The onslaught against working families continues

The government's response to youth unemployment will squeeze the "squeezed middle" even further.

If today's report proves correct then tomorrow Nick Clegg will announce a further blow for low-to-middle income families in order to pay for a new programme for the young unemployed.

Let's start with the better, latter, half of that sentence. The new programme will, according to insiders, walk and talk like Labour's "Future Jobs Fund", which offered incentives to employers to take on 18-24 year olds who had been out of work for more than 6 months. In case it has passed you by, this is the very programme that David Cameron likes to mock as being profligate and ineffective. Hence the new coalition version of it will under no circumstances be called by the same name (no doubt some Whitehall wag would have proposed the moniker "the fund for future jobs" -- but I'm guessing coalition ministers will have screened that out).

We'll find out tomorrow what the scheme looks like but if, as seems likely, the coalition has decided to swallow its ideological opposition to wage subsidies going to firms in order to encourage them to take on the young unemployed, then that is to be welcomed -- though it is scandalous that it's taken youth unemployment to reach 1 million to bring this about.

Now let's turn to how the nastier element of tomorrow's promised announcement: how it is to be paid for. Assuming the FT hasn't got it wrong, then the money will be found by the decision not to uprate tax-credits in line with inflation. Which is odd, iniquitous, and revealing all at the same time.

 

It's a bit odd because the Treasury has already banked the savings from freezing the working tax credit for the next three years. Which leaves the other big area of spending: child tax-credit. But here the coalition has sought to burnish their progressive credentials by announcing that they will over index the child element for the next few years (in an attempt to demonstrate some commitment to the child poverty target). Doubtless HM Treasury will have some wheeze up its sleeve for changing the indexing system for this child tax-credits - perhaps by uprating in line with earnings for this year, not inflation. But if this is the case they will face the charge they have broken with the spirit of the key spending commitment they have made on helping families with low-income children.

It's iniquitous because this will hit precisely those families who have already been on the end of the most severe squeeze of their lives. This April they already saw a major hit to support for childcare paid out via the tax credit system. This, along with other changes to tax-credits, mean that a single parent on £28k with two kids is losing £1,300 this year; or a couple with two kids on a joint income in the high £30ks is losing £2800 this year. And these cuts are a mere warm up for more than £1bn of further reductions to tax-credits that have already been announced and will commence in April 2012 - all of them targeted at the same families.

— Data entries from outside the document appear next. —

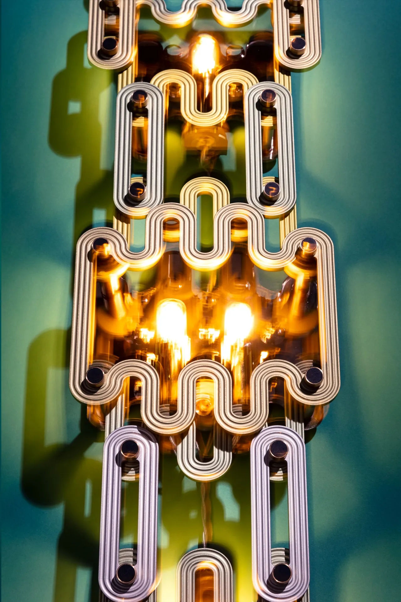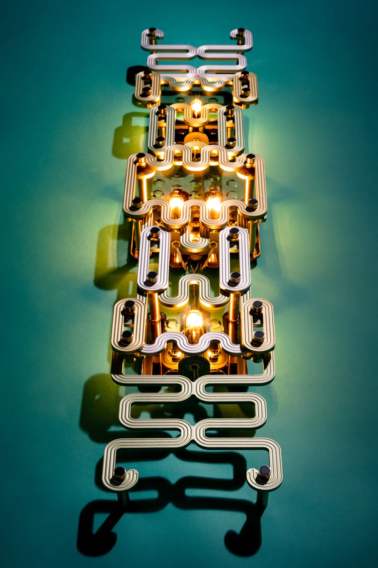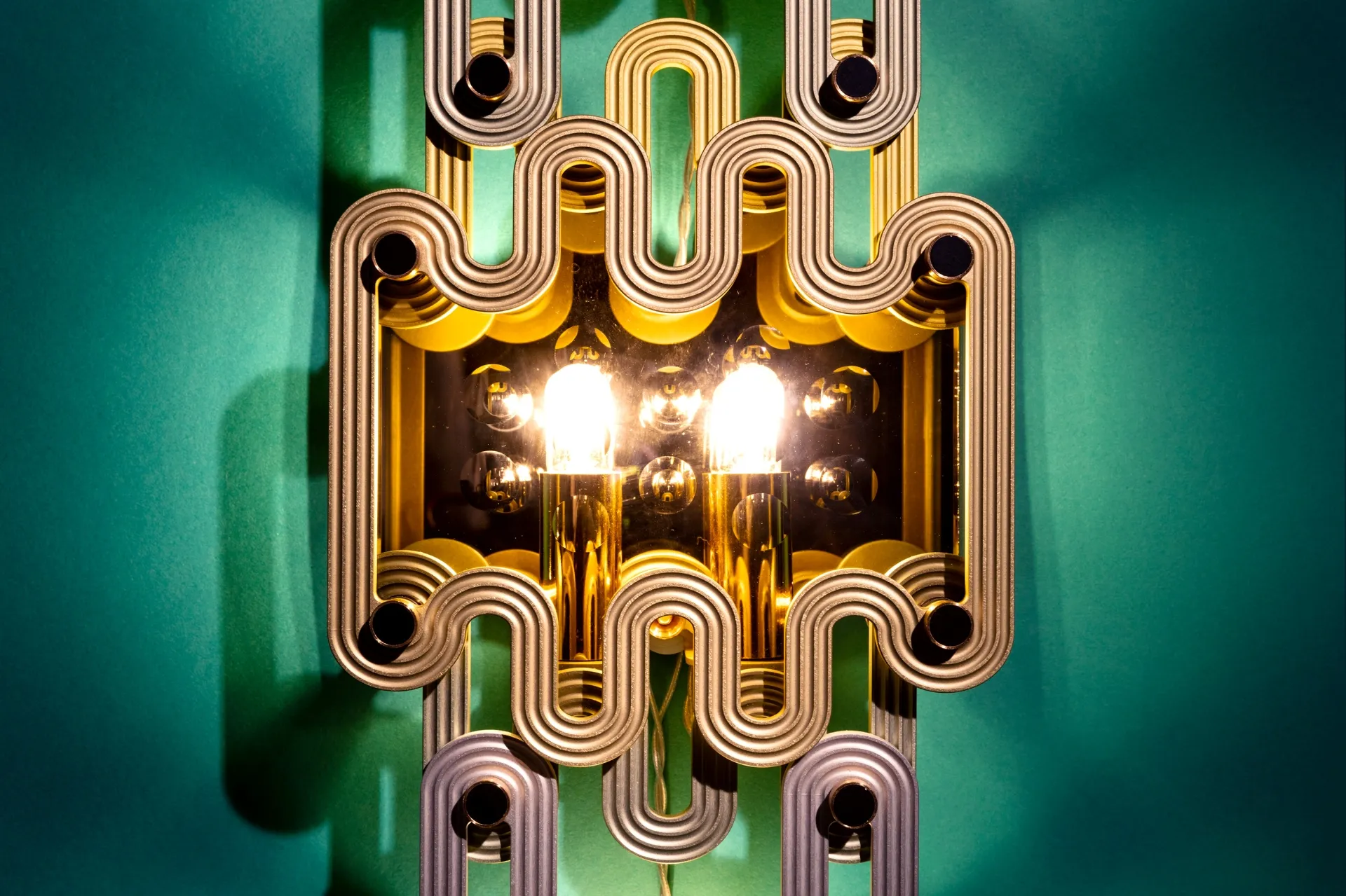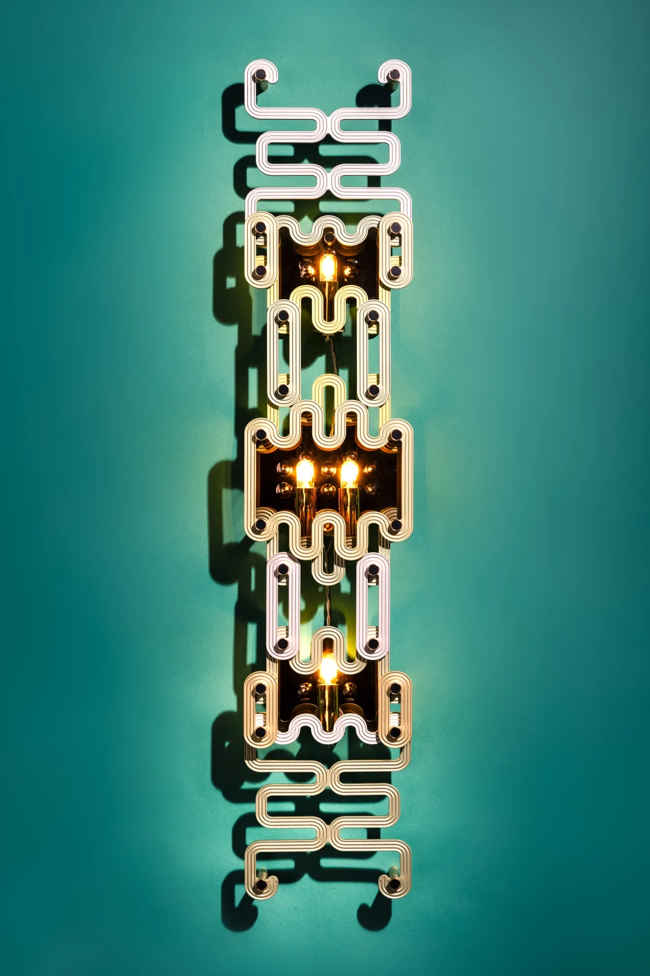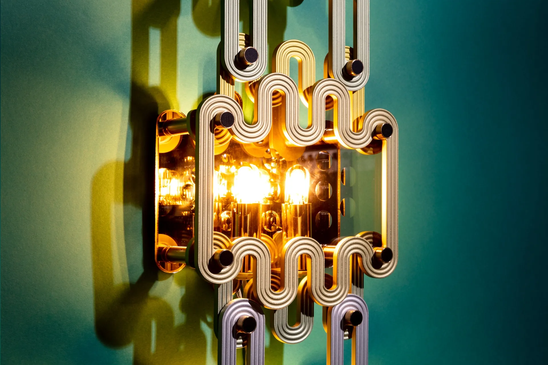 A series of wiggle and curve modules interlock to create a variety of structures. The first pieces of the new collection are a decorative bedhead and pair of scones, inspired by a mix of Peggy Guggenheim’s bedhead by Alexander Calder, and James McNeill Whistler’s “Harmony in Blue and Gold: The Peacock Room”.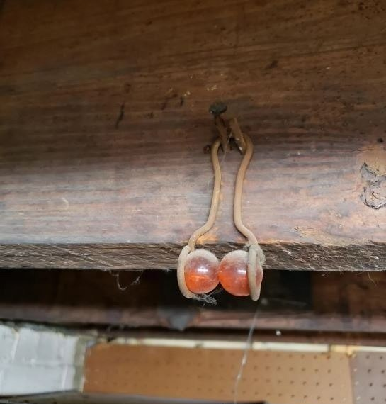 Two round objects — about the size of marbles — cradled inside a small hanging bracket or holder. It looked intentional, not random. The wire hanger seemed carefully bent to secure them in place. It had clearly been there for years, possibly decades.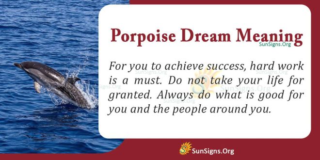 Seeing a porpoise in your dream is a positive omen. It is a sign that if you remain committed, you will achieve all your heart’s desires. For you to achieve success, hard work is a must. Do not take your life for granted. Always do what is good for you and the people around you.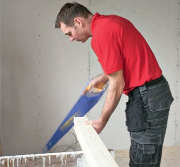 Forskallingsbrædderne (B) kortes af, så de er 1 cm kortere end det stramme mål fra væg til væg. Da de ikke skal sidde helt præcist, skærer vi tre-fire, før vi måler igen.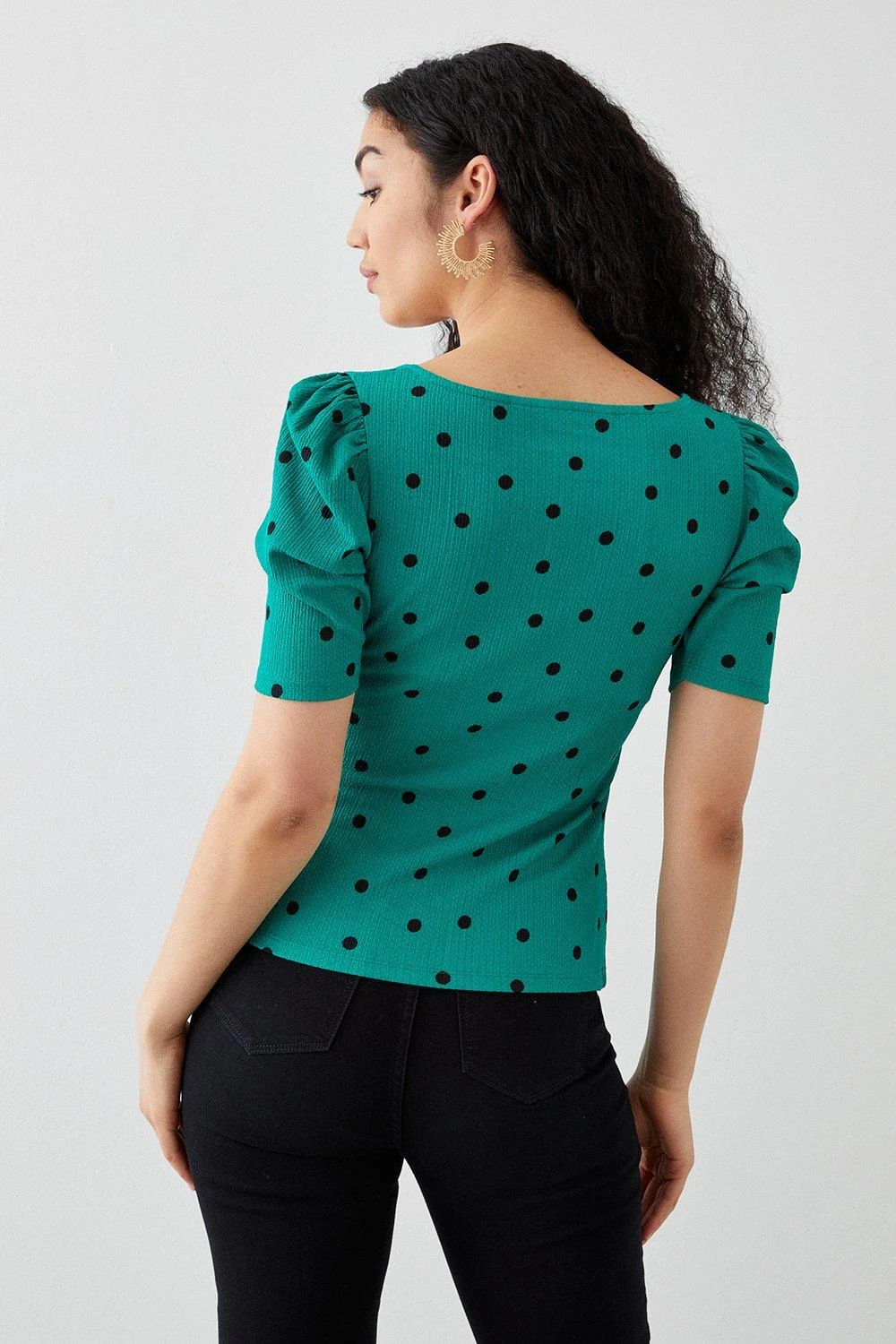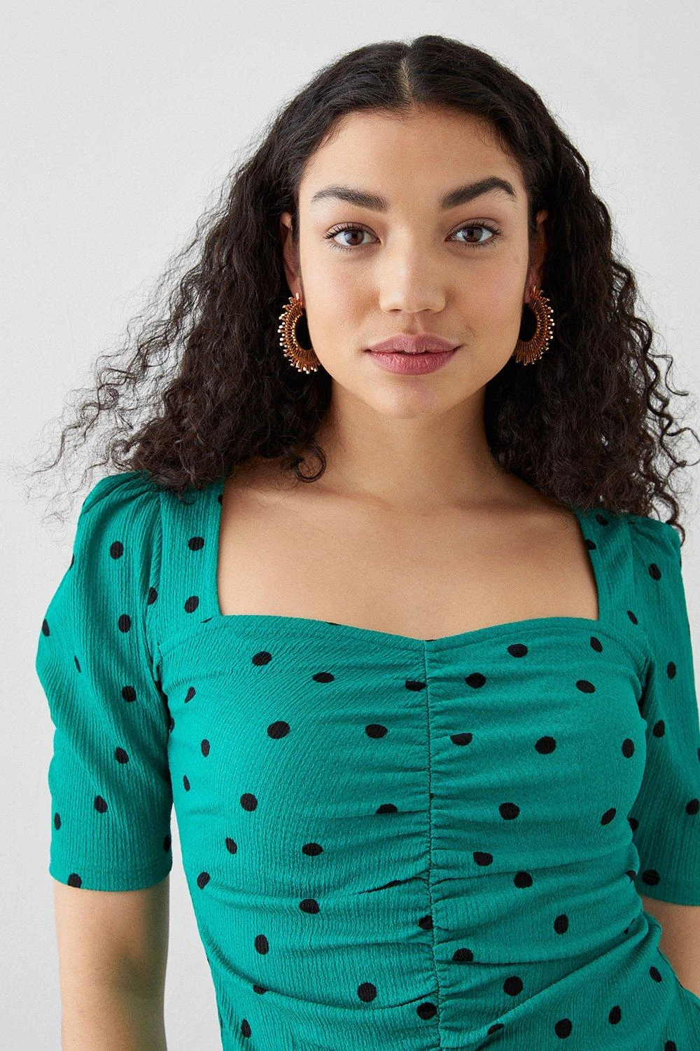 Cami or blouse? Shirt or bodysuit? Whatever you’re after, our women’s tops have you covered for every event in the social calendar. From casual fits to elevated styles for special occasions, we make it easy to nail the ‘jeans and a nice top’ look. Think puff sleeves, pretty prints, wrap silhouettes and so much more. Style: Petite Sweetheart Ruched Body Short Sleeve Top. Ideal for: Daywear. Design: Ruched. Model wears size UK 10 and is 5′ 3″ tall. Make-up & Fragrance: Primer (Estée Lauder, Futurist Aqua Brilliance Watery Glow Primer), Foundation (Estée Lauder, Futurist Hydra Rescue Moisturizing Foundation SPF45), Bronzer (Benefit Hoola Matte Powder Bronzer), Mascara (Benefit, They’Re Real Lengthening Mascara Jet Black 8.5g), Setting Spray (Urban Decay, All Nighter Setting Spray 118ml), Fragrance (Jimmy Choo Eau De Parfum Signature).

And let's not forget yesterday's news that median wages have plummeted 3.5% in real terms this year, far more for the low paid. So families whose wages are falling at a rapid rate, who have already been severely hit by April's budget cuts, and will be made poorer still in April 2012, are about to be told that they are first in line to take a cut to pay for a new programme.

Which is why this decision is also revealing. It demonstrates very clearly the knee-jerk response of ministers when pressed to find resources for a new funding pressure: take it from families getting tax-credits.

To be clear, I'm all for more action to deal with youth unemployment -- indeed, I suspect that I'd want something more ambitious than what is likely to be announced tomorrow. And that, of course, has got to be paid for. But not by low-to-middle income families.

It's not as if there are no alternatives. Labour will pursue their line that this should be funded through a tax on bankers' bonuses - and for all its well rehearsed feel, this will still strike a chord with many. But if the coalition didn't want to turn to the City there are other principled alternatives. The £7bn-£8bn spent on higher rate pension tax relief? Or stopping affluent pensioners receiving winter fuel allowance?

If this goes ahead, then don't let anyone say there was no alternative. Youth unemployment could be tackled without a further unnecessary squeeze on low-to-middle income Britain.

 

Gavin Kelly is a former adviser to Downing Street and the Treasury. He tweets @GavinJKelly1.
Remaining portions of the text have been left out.